Georg Hotar, CEO of Photon Energy in the Netherlands, has blasted plans by the Italian government to retroactively cut the country's feed-in tariff for PV systems, calling the decision "irresponsible and impossible to rationalize."
The planned changes to the current FIT legislation are expected to affect some 8,600 operators of PV systems with capacities of more than 200 kW that receive about 60% of the total remuneration paid by Italy's Gestore dei Servizi Energetici (GSE), which manages the country's electricity services and support schemes for renewable energy sources.
Photon Energy owns two PV plants in Italy with a combined capacity of 1.25 MW that have been fully equity-financed. "The announced measures will not leave our PV plants vulnerable to default but will materially decrease our returns and their value, Hotar said. "We will only be able to quantify our losses once the final version of the law is approved."
The proposed legislation, presented by the government on June 18, would force PV operators to choose one of two options: an 8% reduction in the feed-in-tariff paid by the GSE for the remainder of the support period or opting for the FiT to be spread even more thinly over a total of 24 years (compared to the original 20 years). Effectively a reduction of 17-25% is expected to apply depending on the residual time, according to Photon.
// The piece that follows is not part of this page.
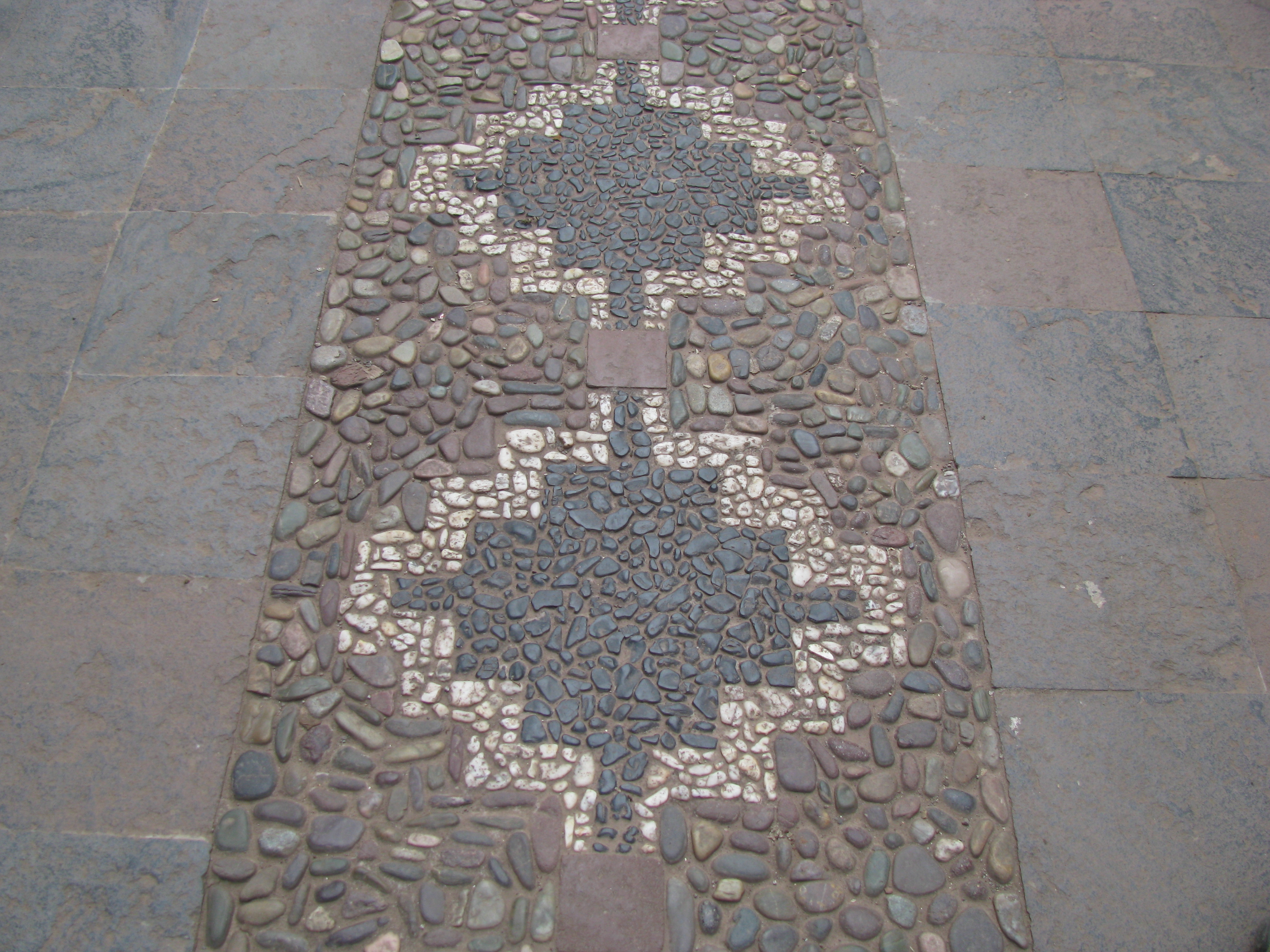 Cusco

Operators have until November 30 to decide on one of the two options, which would then enter into force January 1, 2015.
"To add insult to injury, we are invited to choose the method of execution for our investments," Hotar said, adding that the decision would not only cripple equity investment and damage the country's reputation but could also push many companies into insolvency.
The measures would also mean a halt in payments for actual monthly production by the GSE, which would instead make monthly payments based on only 90% of predicted annual production, which Photon says would put additional cash flow pressure on PV plant owners. After one year, a final statement would follow based on the amount of energy actually produced; operators would then either owe money to the GSE if production was less than initially predicted or receive additional payment if more was generated.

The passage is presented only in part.